I can pick you up at 3 if you want to come, it’s a three hour drive from your place.
JM
................................................................................................
From: David Thorne
Date: Thursday 20 Nov 2014 1.08pm
To: JM
Subject: Re: Re:
Re: Shooting
What’s at Deer Camp?
................................................................................................
From: JM
Date: Thursday 20 Nov 2014 1.23pm
To: David Thorne
Subject: Re: Re: Re: Re: Shooting
No phone reception and no women. It’s a large wooded property in West Virginia with trails and stands. Tent and bunks are set up, you will just need to pack your license, warm gear and a rifle with a decent scope. You coming?
JM
................................................................................................
I bought my second gun that afternoon. A Browning Medallion 308, with Redline scope, as it matched my other gun. I should have also bought the pair of battery-heated socks I saw at Dick’s for $49.99.

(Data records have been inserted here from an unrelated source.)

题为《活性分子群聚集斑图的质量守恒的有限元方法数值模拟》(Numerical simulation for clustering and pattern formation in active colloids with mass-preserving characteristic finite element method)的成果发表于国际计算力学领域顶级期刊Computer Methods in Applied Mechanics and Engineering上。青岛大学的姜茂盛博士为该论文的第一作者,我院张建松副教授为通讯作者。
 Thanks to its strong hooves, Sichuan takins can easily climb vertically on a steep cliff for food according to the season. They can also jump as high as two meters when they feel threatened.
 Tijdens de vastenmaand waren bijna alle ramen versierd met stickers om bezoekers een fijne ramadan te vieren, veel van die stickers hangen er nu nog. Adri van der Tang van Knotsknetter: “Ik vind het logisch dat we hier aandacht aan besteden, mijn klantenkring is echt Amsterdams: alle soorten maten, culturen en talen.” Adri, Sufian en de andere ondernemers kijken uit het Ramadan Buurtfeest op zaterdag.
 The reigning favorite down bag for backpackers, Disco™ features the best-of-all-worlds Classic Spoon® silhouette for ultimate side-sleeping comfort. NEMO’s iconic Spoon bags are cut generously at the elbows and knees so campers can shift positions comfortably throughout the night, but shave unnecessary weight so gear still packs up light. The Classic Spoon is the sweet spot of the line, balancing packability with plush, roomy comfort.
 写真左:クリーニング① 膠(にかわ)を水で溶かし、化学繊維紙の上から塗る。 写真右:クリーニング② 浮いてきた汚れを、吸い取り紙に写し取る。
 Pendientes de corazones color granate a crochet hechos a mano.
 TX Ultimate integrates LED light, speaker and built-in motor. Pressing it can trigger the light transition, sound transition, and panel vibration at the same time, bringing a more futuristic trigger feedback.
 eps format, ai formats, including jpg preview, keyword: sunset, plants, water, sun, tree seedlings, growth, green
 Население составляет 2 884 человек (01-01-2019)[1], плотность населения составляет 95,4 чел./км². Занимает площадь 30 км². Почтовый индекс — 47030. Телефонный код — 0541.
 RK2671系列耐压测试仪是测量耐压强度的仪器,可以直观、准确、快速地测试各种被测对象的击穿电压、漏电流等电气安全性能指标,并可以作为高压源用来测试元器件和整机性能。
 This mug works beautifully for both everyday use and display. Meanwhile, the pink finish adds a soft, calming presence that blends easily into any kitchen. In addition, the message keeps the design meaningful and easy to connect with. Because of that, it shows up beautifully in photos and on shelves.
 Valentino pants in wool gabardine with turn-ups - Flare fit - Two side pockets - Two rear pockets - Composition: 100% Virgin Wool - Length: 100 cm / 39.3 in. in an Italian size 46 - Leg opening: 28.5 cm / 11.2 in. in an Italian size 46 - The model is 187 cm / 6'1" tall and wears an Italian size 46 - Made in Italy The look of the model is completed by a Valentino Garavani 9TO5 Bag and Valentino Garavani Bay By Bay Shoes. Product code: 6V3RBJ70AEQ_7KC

It was cold at Deer Camp. A lot colder than I thought it would be. A deep, biting cold that was barely kept at bay by the roaring campfire waiting for us. Murdock and Doug had arrived a few hours before us, Amar cancelled due to an issue having his hormone replacement prescription filled. I’d known him for almost three months and hadn’t realized he was born a woman.
“Are you sure about that, JM?”
“Of course I’m sure, I’ve known him for five years and he’s only been a man for two. His name used to be Aisha.”